Introduction

Journal lists play an important role in journal evaluation (Y. Huang et al., 2021), publication reference (Pölönen et al., 2021; Sasvári and Urbanovics, 2019), research assessment (Piazza et al., 2017), and position promotion (Bales et al. 2019). Current journal lists are often created based on expert peer review and bibliometrics (Mikhailenko and Goncharov, 2017; Smith, 2010a, 2010b) (including Web of Science and Scopus, which are also a special category of journal lists). However, a significant number of journals lists usually do not achieve broad consensus (Brezis and Birukou, 2020; Jiang and Liu, 2022b; Stachura et al., 2024). In the process of practical application, some researchers present complex attitudes towards journal lists (Fassin, 2021; Serenko and Bontis, 2024), questioning their inclusiveness (Li et al., 2019), fairness (Grossmann et al., 2019)), interdisciplinarity (Kushkowski and Shrader, 2013), institutional applicability (Beets et al., 2015; Jaafar et al., 2021), scientific validity (Chavarro et al., 2018; Moosa, 2016). They have also reflected on the added effects (Pons-Novell and Tirado-Fabregat, 2010) and the impact (Walker et al., 2019) of journal listings. Related studies have also shown that broader lists of journals can be misleading in scientific assessments (Borrego, 2021; J. Li et al., 2023), and do not do a good job of highlighting assessments of innovative outcomes (Jiang et al., 2025a). Nevertheless, journal lists continue to be created (Wang et al., 2023) and applied (Baskerville, 2008; George, 2019) in the face of different needs in the practice of research evaluation.
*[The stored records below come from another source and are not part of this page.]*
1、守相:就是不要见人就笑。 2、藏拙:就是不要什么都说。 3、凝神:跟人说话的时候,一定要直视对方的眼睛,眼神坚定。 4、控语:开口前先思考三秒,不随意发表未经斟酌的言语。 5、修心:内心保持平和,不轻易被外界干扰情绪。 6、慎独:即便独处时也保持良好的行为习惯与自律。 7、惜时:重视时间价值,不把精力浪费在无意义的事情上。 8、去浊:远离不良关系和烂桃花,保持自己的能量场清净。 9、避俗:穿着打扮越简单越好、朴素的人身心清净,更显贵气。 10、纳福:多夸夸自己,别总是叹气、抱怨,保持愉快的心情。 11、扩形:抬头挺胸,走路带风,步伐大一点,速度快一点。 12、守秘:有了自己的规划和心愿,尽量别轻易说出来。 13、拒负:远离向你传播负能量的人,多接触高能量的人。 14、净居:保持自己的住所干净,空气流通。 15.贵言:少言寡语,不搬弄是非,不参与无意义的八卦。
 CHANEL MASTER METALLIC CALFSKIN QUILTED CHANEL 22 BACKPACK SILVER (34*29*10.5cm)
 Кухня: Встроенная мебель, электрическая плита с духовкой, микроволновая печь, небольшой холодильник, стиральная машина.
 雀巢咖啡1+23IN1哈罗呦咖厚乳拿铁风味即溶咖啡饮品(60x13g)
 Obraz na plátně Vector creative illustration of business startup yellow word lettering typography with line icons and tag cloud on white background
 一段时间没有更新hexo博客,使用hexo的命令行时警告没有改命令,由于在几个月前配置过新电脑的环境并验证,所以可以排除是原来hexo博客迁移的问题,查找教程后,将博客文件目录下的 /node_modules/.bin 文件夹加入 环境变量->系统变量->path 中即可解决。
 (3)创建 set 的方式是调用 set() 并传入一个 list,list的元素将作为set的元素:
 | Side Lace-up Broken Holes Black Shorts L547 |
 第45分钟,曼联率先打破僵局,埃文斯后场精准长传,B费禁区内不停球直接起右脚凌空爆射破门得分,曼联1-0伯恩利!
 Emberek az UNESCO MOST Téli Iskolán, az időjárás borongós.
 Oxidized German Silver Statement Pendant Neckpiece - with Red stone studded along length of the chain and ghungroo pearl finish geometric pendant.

At present, the majority of journal lists are published by relevant research organizations or professional associations. Conversely, there is a paucity of journal lists proposed by academic publishers. As a product line and brand extension of the Nature journal series (Khelfaoui and Gingras, 2022), Nature Index journals list (‘Introducing the index’, 2014) have gained attention and been widely used in the fields of global research management and research evaluation (Lin et al., 2015) including but not limited to: national research assessment (Jiao and Yu, 2020; Lin et al., 2015; Silva, 2016), disciplinary evaluation (Lin et al., 2017; Yang et al., 2019), institutional evaluation (Chen, 2018; Y. Liu et al., 2018), journal evaluation (Li and Wang, 2016; Hayatdavoudi et al., 2023), and research model analysis(Cai and Han, 2020; Zhu et al., 2021). Similarly, the evaluation effectiveness (Bornmann and Haunschild, 2017; Haunschild and Bornmann, 2015b), standard scientificity (Campbell and Grayson, 2015; Haunschild and Bornmann, 2015a) and evaluation orientation (Waltman and Traag, 2017) of Nature Index have been questioned to some extent.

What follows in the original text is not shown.